*HOW TO COMPLETE THIS TASK*:
Pictures aside, restate the records below exactly as written.
DATA FOR REVIEW: Begin
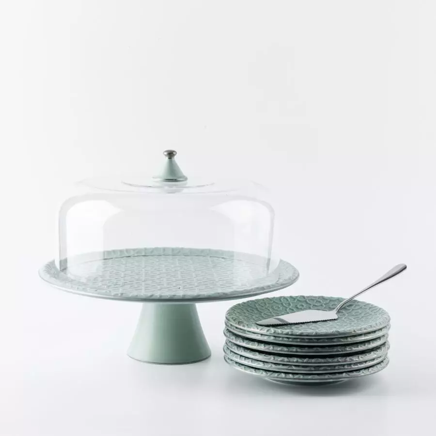 | يتضمن الطقم | 1 حامل كيك 1 غطاء 1 سكينة 6 صحون فقط |
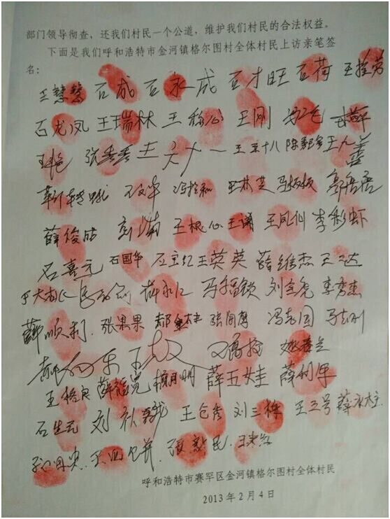 赛罕区金河镇格尔图村全体村民签了字摁了指印的举报材料中,记者看到郝平柱被检举九大罪证:
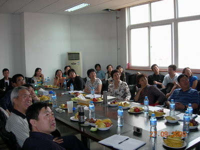 全体教师观看暑期考察的幻灯片
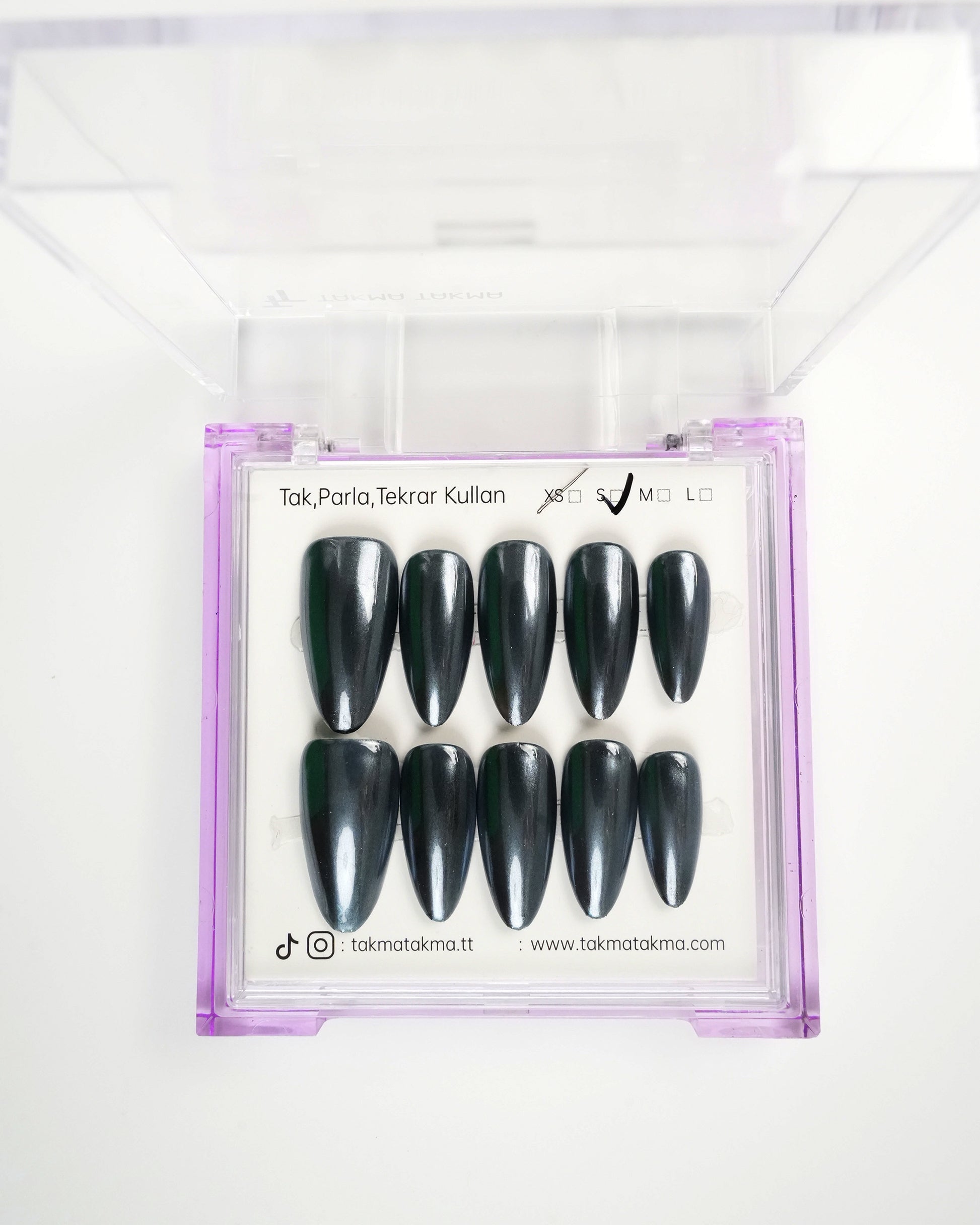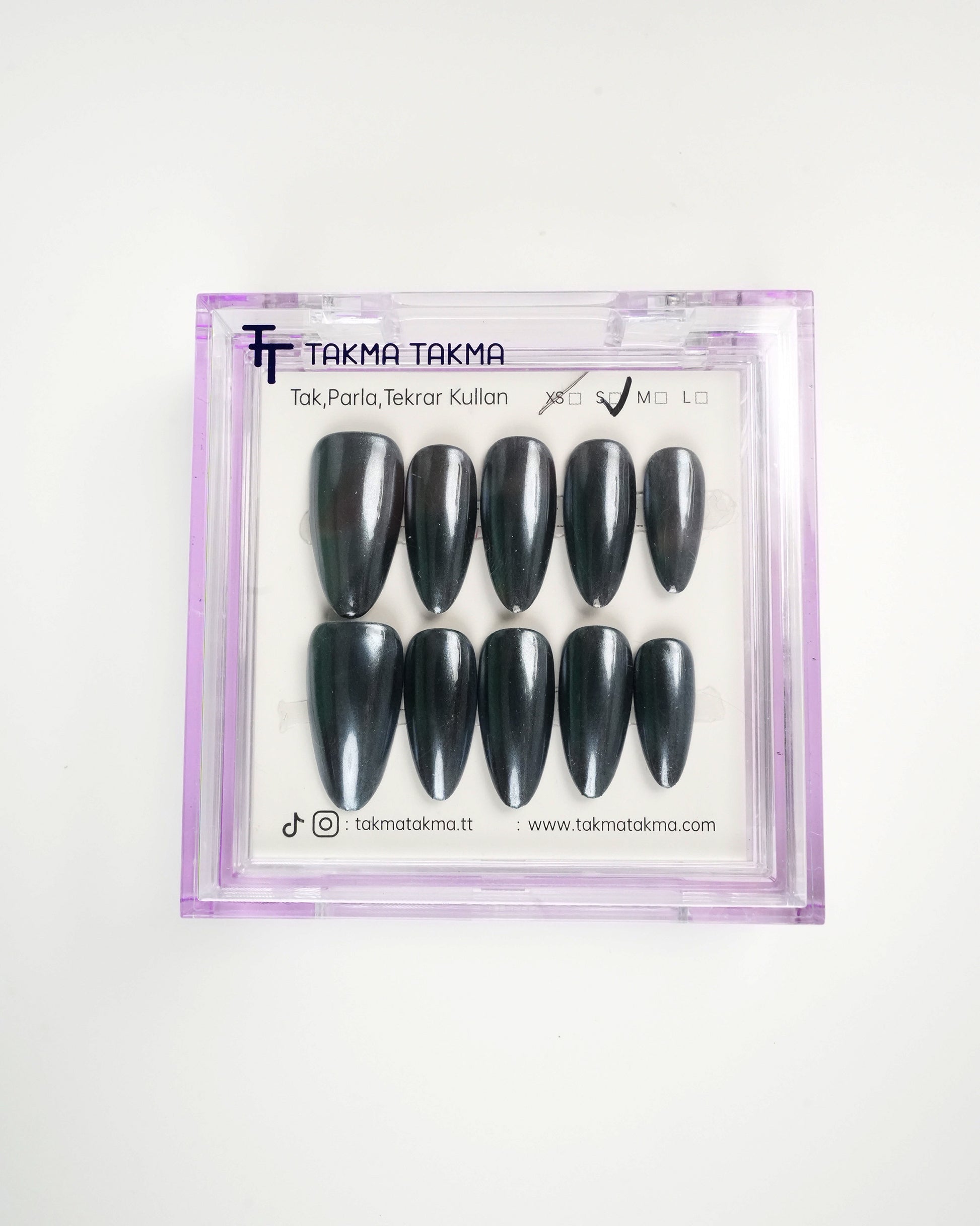 TakmaTakma tırnaklarınızı istediğiniz zaman çıkarıp tekrar takabilirsiniz, üstelik zahmetsizce! İstediğiniz gibi kullanabilir, her an şıklığınızı yenileyebilirsiniz.
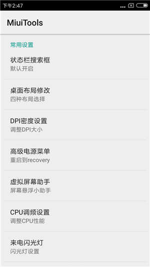基于官方MIUI9.2稳定版本 完美保留系统完整性,优化待机 多项优化,支持官方新增N多特色 UI增强,美观大气,系统轻快 桌面进行重新排布,刷完十分清爽 融合之前版本全部特色,完美 MIUI-自带APPS升级到官方最新 适合追求稳定,不经常刷机的用户 破解MIUI主题,无需登录下载 破解MIUI限制,卸载软件不卡开机 破解系统默认加密,解密system 破解系统签名,更好安装第三方软件 加入杜比顶级音效,开机即用 加入授权为SuperSU授权,纯净 加入系统级别高级电源管理 加入桌面天气农历双显示模式 加入Busybox指令集多种支持 加入自编译MiuiTools高级设置 支持桌面布局自切换功能 支持4X5,4X6,5x5,5X6切换 支持状态栏搜索框自定义开关 支持DPI数值自定义大小 首次使用,需给予Miuitools Root权限 请勿将数值设置的过大或过小 支持高级电源菜单管理 支持快速开机重启功能 支持一键重启到recovery 加入中兴屏幕助手 Lollipop风格版本 支持开启和关闭,长按高级电源菜单 加入全新CPU调频管理,多设置模式 加入USB挂载功能 挂载MTP等模式 加入来电闪关灯,默认开启 优化待机能力,更加持久给力 优化内存中用,极致超大RAM 优化手机射频,降低手机电量耗损 优化流畅性,全网最佳定制系统
DATA FOR REVIEW: End
*SOLUTION FOR THIS PROBLEM*:
 | يتضمن الطقم | 1 حامل كيك 1 غطاء 1 سكينة 6 صحون فقط |
 赛罕区金河镇格尔图村全体村民签了字摁了指印的举报材料中,记者看到郝平柱被检举九大罪证:
 全体教师观看暑期考察的幻灯片
 TakmaTakma tırnaklarınızı istediğiniz zaman çıkarıp tekrar takabilirsiniz, üstelik zahmetsizce! İstediğiniz gibi kullanabilir, her an şıklığınızı yenileyebilirsiniz.
基于官方MIUI9.2稳定版本 完美保留系统完整性,优化待机 多项优化,支持官方新增N多特色 UI增强,美观大气,系统轻快 桌面进行重新排布,刷完十分清爽 融合之前版本全部特色,完美 MIUI-自带APPS升级到官方最新 适合追求稳定,不经常刷机的用户 破解MIUI主题,无需登录下载 破解MIUI限制,卸载软件不卡开机 破解系统默认加密,解密system 破解系统签名,更好安装第三方软件 加入杜比顶级音效,开机即用 加入授权为SuperSU授权,纯净 加入系统级别高级电源管理 加入桌面天气农历双显示模式 加入Busybox指令集多种支持 加入自编译MiuiTools高级设置 支持桌面布局自切换功能 支持4X5,4X6,5x5,5X6切换 支持状态栏搜索框自定义开关 支持DPI数值自定义大小 首次使用,需给予Miuitools Root权限 请勿将数值设置的过大或过小 支持高级电源菜单管理 支持快速开机重启功能 支持一键重启到recovery 加入中兴屏幕助手 Lollipop风格版本 支持开启和关闭,长按高级电源菜单 加入全新CPU调频管理,多设置模式 加入USB挂载功能 挂载MTP等模式 加入来电闪关灯,默认开启 优化待机能力,更加持久给力 优化内存中用,极致超大RAM 优化手机射频,降低手机电量耗损 优化流畅性,全网最佳定制系统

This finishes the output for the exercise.